## The data

──────

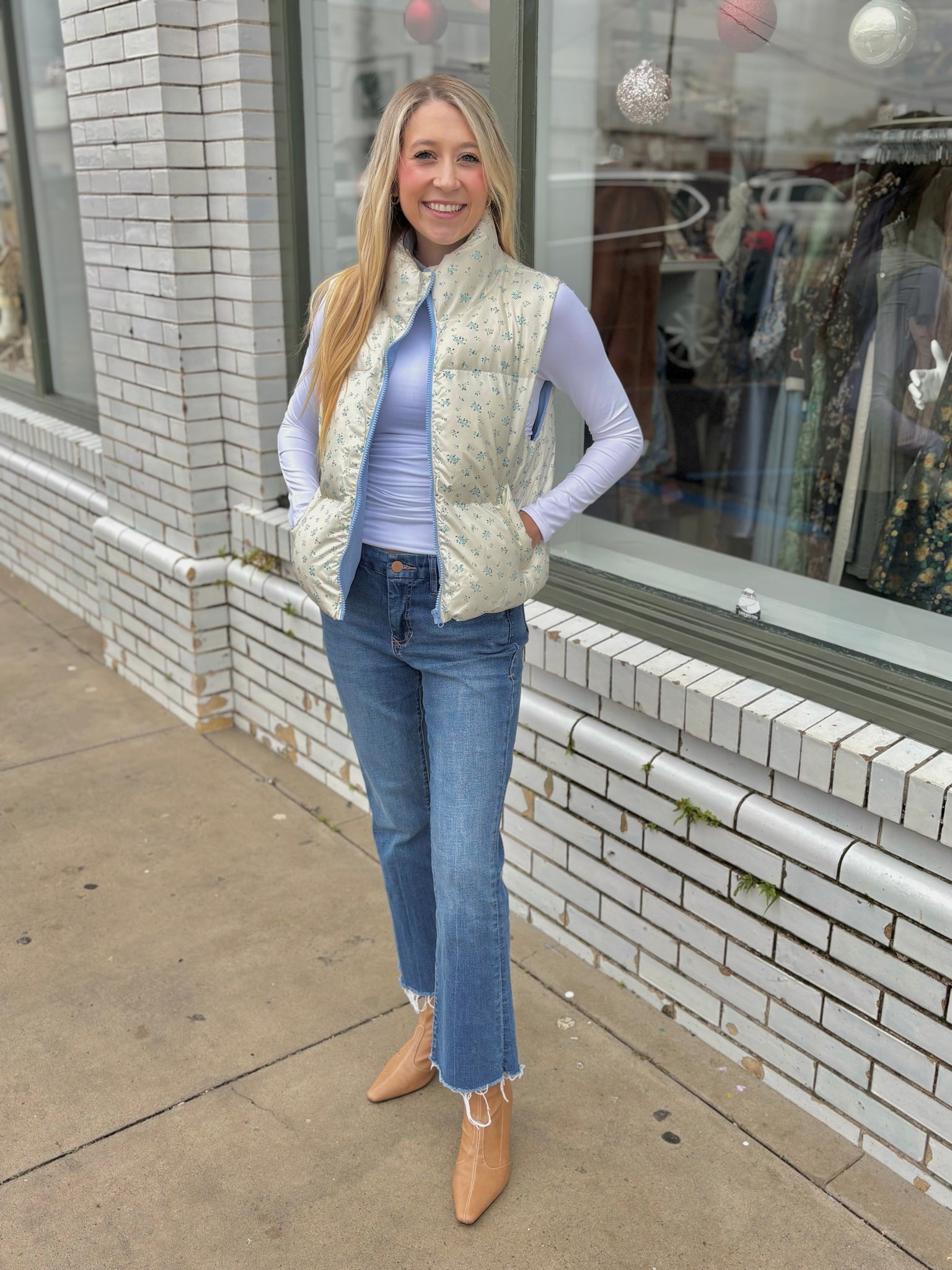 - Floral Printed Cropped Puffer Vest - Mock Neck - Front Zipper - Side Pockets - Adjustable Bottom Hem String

──────

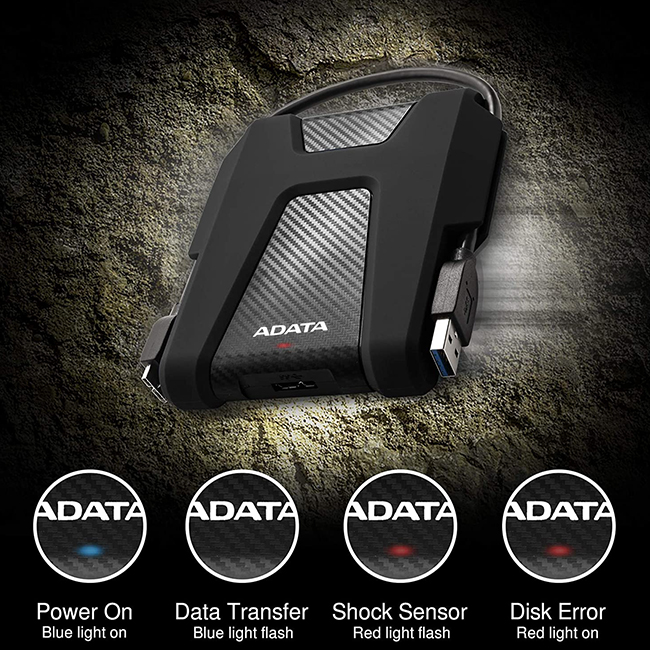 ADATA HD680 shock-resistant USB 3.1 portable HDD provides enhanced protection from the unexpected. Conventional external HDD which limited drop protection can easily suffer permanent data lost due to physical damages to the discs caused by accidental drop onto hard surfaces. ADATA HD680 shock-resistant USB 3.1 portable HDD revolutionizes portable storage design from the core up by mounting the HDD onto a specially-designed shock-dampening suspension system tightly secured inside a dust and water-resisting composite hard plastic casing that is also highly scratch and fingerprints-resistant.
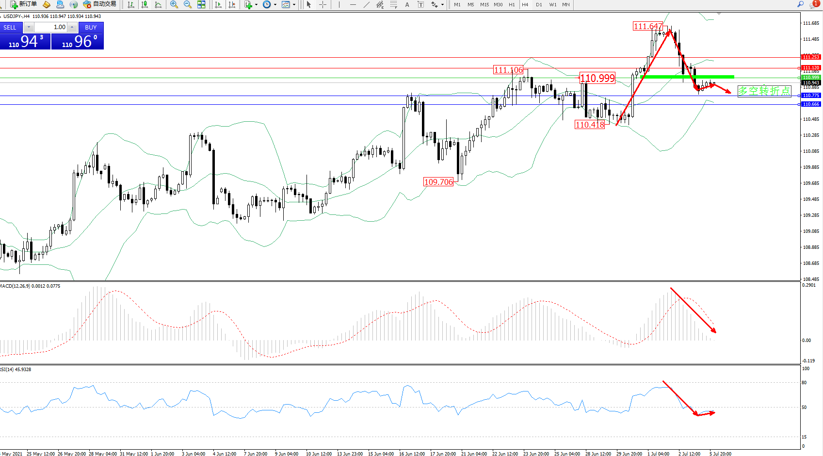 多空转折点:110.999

──────

## Exercise details
In the data above, retype only the stretch from the line with "ADATA HD680 shock-resistant USB 3.1 portable HDD provides" through the line with "多空转折点:110.999", word for word, and skip any pictures.

## Exercise response
 ADATA HD680 shock-resistant USB 3.1 portable HDD provides enhanced protection from the unexpected. Conventional external HDD which limited drop protection can easily suffer permanent data lost due to physical damages to the discs caused by accidental drop onto hard surfaces. ADATA HD680 shock-resistant USB 3.1 portable HDD revolutionizes portable storage design from the core up by mounting the HDD onto a specially-designed shock-dampening suspension system tightly secured inside a dust and water-resisting composite hard plastic casing that is also highly scratch and fingerprints-resistant.
 多空转折点:110.999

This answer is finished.